## YOUR ASSIGNMENT
Leave the pictures in the listing below aside and reproduce exactly the lines starting with the one with "百事可乐mini迷你罐200ml*20罐装整箱极度无糖可乐美年达碳酸饮料" and going on through the one with "Matlock Tuesday League.", both ends included.

## EXERCISE MATERIAL
━━━━━━━━━━
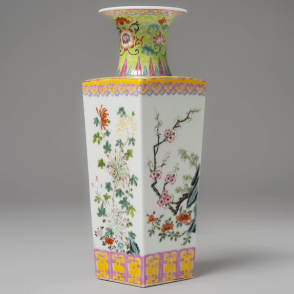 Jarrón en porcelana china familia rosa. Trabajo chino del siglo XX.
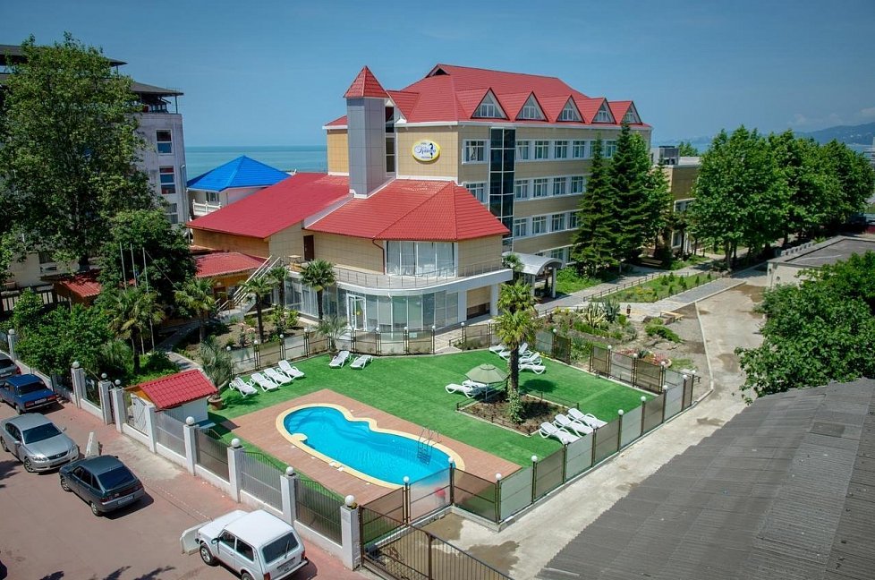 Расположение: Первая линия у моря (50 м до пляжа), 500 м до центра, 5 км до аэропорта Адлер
━━━━━━━━━━
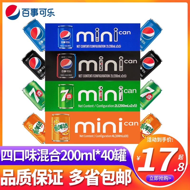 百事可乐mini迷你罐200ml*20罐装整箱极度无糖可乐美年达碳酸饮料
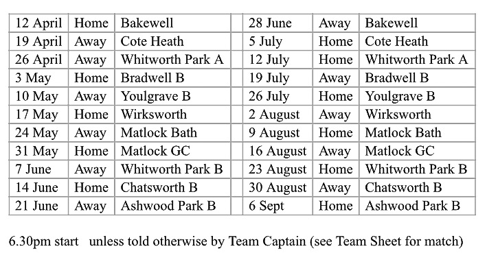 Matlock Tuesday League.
━━━━━━━━━━
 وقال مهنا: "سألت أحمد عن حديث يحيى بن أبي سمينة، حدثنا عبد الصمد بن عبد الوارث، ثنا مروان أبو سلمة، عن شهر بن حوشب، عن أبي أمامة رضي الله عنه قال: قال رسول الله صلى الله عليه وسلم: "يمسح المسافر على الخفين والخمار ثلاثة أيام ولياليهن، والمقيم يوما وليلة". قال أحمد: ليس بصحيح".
━━━━━━━━━━
## TASK SOLUTION
 百事可乐mini迷你罐200ml*20罐装整箱极度无糖可乐美年达碳酸饮料
 Matlock Tuesday League.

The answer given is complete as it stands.